Given material »
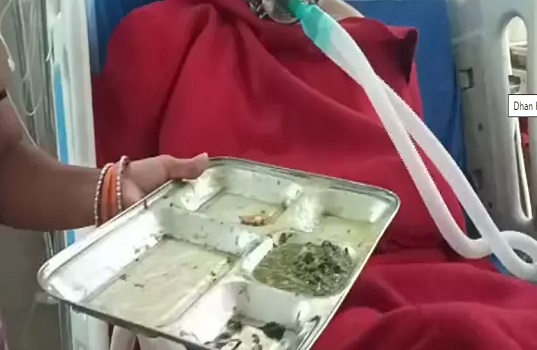 राम प्रसाद की पत्नी ने बताया कि शनिवार दोपहर अस्पताल कर्मी द्वारा दिया गया भोजन खाते समय अचानक उनके पति का गला अटक गया और सांस लेने में परेशानी होने लगी। जब उन्होंने तुरंत खाना बाहर निकाला तो उसमें लंबे बाल और लकड़ी का तिनका मिला।
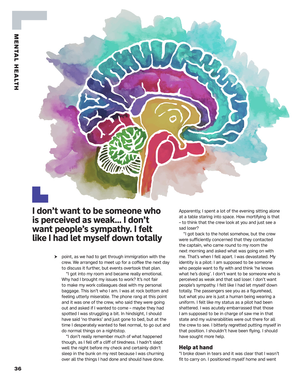 M E N TA L H E A LT H I dont want to be someone who is perceived as weak I dont want peoples sympathy. I felt like I had let myself down totally point, as we had to get through immigration with the crew. We arranged to meet up for a coffee the next day to discuss it further, but events overtook that plan. I got into my room and became really emotional. Why had I brought my issues to work? Its not fair to make my work colleagues deal with my personal baggage. This isnt who I am. I was at rock bottom and feeling utterly miserable. The phone rang at this point and it was one of the crew, who said they were going out and asked if I wanted to come maybe they had spotted I was struggling a bit. In hindsight, I should have said no thanks and just gone to bed, but at the time I desperately wanted to feel normal, to go out and do normal things on a nightstop. I dont really remember much of what happened though, as I fell off a cliff of tiredness. I hadnt slept well the night before my check and certainly didnt sleep in the bunk on my rest because I was churning over all the things I had done and should have done. Apparently, I spent a lot of the evening sitting alone at a table staring into space. How mortifying is that to think that the crew look at you and just see a sad loser? I got back to the hotel somehow, but the crew were sufficiently concerned that they contacted the captain, who came round to my room the next morning and asked what was going on with me. Thats when I fell apart. I was devastated. My identity is a pilot: I am supposed to be someone who people want to fly with and think he knows what hes doing. I dont want to be someone who is perceived as weak and that sad loser. I dont want peoples sympathy. I felt like I had let myself down totally. The passengers see you as a figurehead, but what you are is just a human being wearing a uniform. I felt like my status as a pilot had been shattered. I was acutely embarrassed that those I am supposed to be in charge of saw me in that state and my vulnerabilities were out there for all the crew to see. I bitterly regretted putting myself in that position. I shouldnt have been flying. I should have sought more help. Help at hand I broke down in tears and it was clear that I wasnt fit to carry on. I positioned myself home and went 36 THE LOG Spr 24 pp32-37 Mental Health.indd 36 16/02/2024 11:08
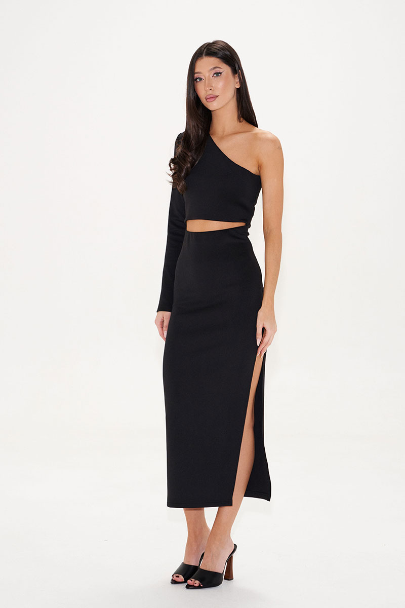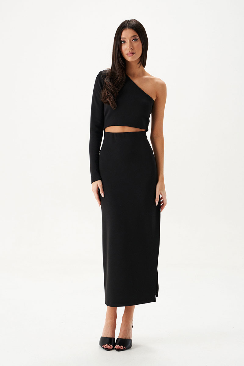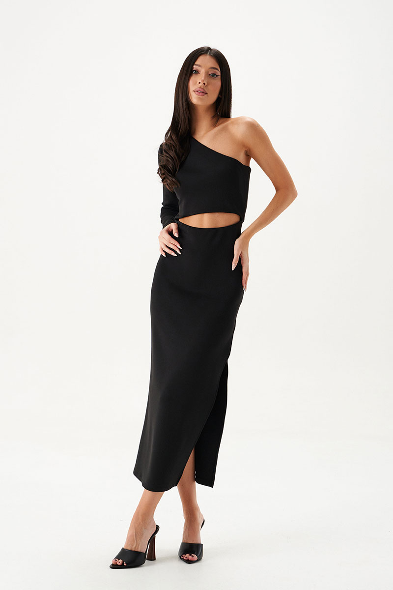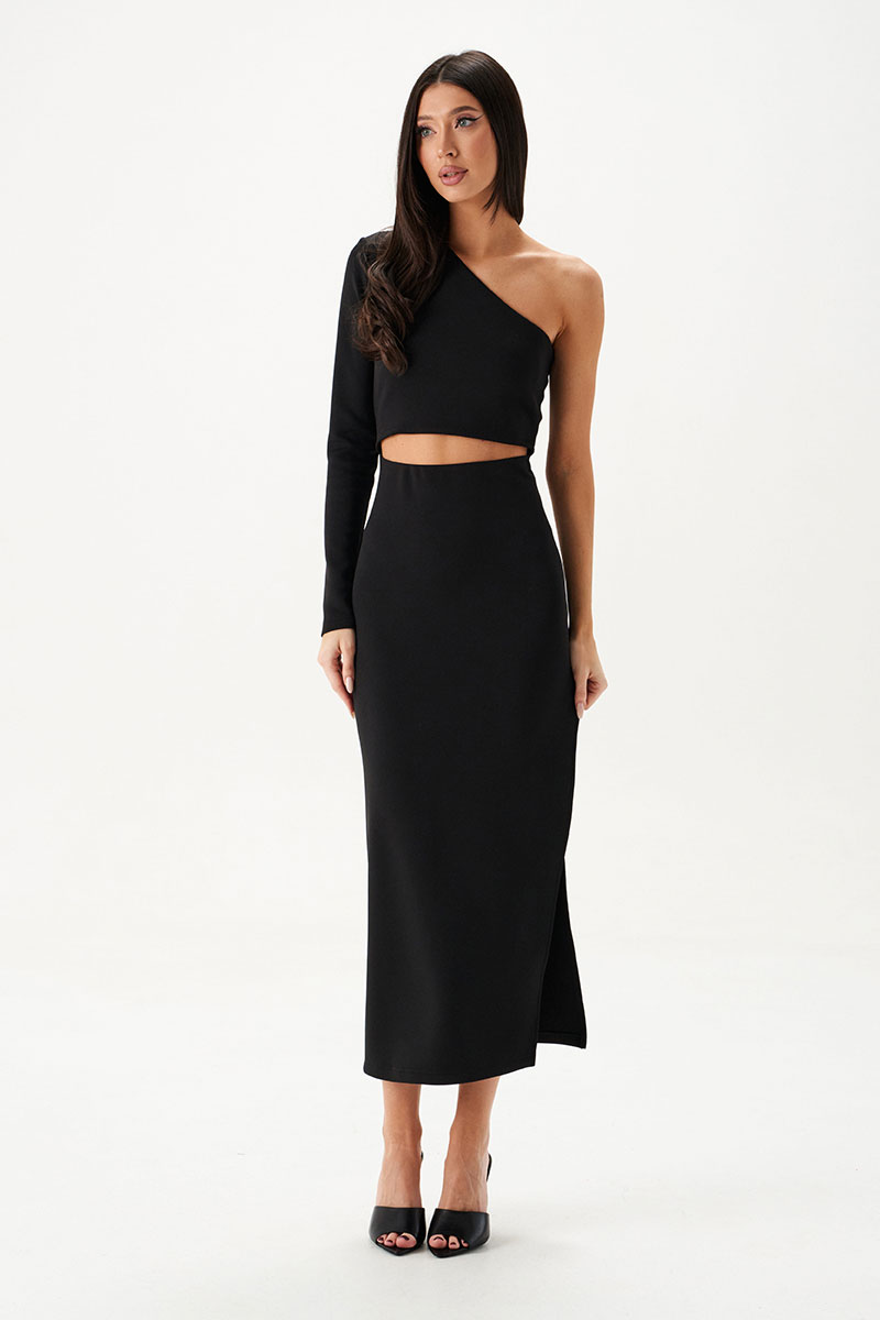 Платье на одно плечо выполнено из трикотажа черного цвета. Характеристка: платье на одно плечо с фигурным разрезом на талии по переду изделия, разрез по бокову шву - 63см.
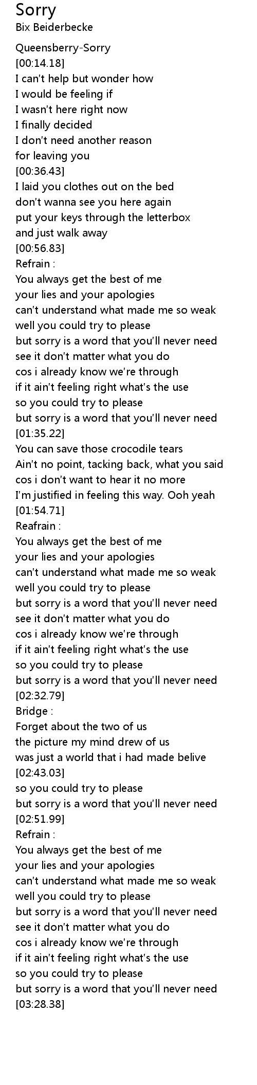 | [03:05.07] | but sorry is a word that you ll never need |

Problem description »
Transcribe the material exactly, leaving every picture out.

Response to the task »
 राम प्रसाद की पत्नी ने बताया कि शनिवार दोपहर अस्पताल कर्मी द्वारा दिया गया भोजन खाते समय अचानक उनके पति का गला अटक गया और सांस लेने में परेशानी होने लगी। जब उन्होंने तुरंत खाना बाहर निकाला तो उसमें लंबे बाल और लकड़ी का तिनका मिला।
 M E N TA L H E A LT H I dont want to be someone who is perceived as weak I dont want peoples sympathy. I felt like I had let myself down totally point, as we had to get through immigration with the crew. We arranged to meet up for a coffee the next day to discuss it further, but events overtook that plan. I got into my room and became really emotional. Why had I brought my issues to work? Its not fair to make my work colleagues deal with my personal baggage. This isnt who I am. I was at rock bottom and feeling utterly miserable. The phone rang at this point and it was one of the crew, who said they were going out and asked if I wanted to come maybe they had spotted I was struggling a bit. In hindsight, I should have said no thanks and just gone to bed, but at the time I desperately wanted to feel normal, to go out and do normal things on a nightstop. I dont really remember much of what happened though, as I fell off a cliff of tiredness. I hadnt slept well the night before my check and certainly didnt sleep in the bunk on my rest because I was churning over all the things I had done and should have done. Apparently, I spent a lot of the evening sitting alone at a table staring into space. How mortifying is that to think that the crew look at you and just see a sad loser? I got back to the hotel somehow, but the crew were sufficiently concerned that they contacted the captain, who came round to my room the next morning and asked what was going on with me. Thats when I fell apart. I was devastated. My identity is a pilot: I am supposed to be someone who people want to fly with and think he knows what hes doing. I dont want to be someone who is perceived as weak and that sad loser. I dont want peoples sympathy. I felt like I had let myself down totally. The passengers see you as a figurehead, but what you are is just a human being wearing a uniform. I felt like my status as a pilot had been shattered. I was acutely embarrassed that those I am supposed to be in charge of saw me in that state and my vulnerabilities were out there for all the crew to see. I bitterly regretted putting myself in that position. I shouldnt have been flying. I should have sought more help. Help at hand I broke down in tears and it was clear that I wasnt fit to carry on. I positioned myself home and went 36 THE LOG Spr 24 pp32-37 Mental Health.indd 36 16/02/2024 11:08
 Платье на одно плечо выполнено из трикотажа черного цвета. Характеристка: платье на одно плечо с фигурным разрезом на талии по переду изделия, разрез по бокову шву - 63см.
 | [03:05.07] | but sorry is a word that you ll never need |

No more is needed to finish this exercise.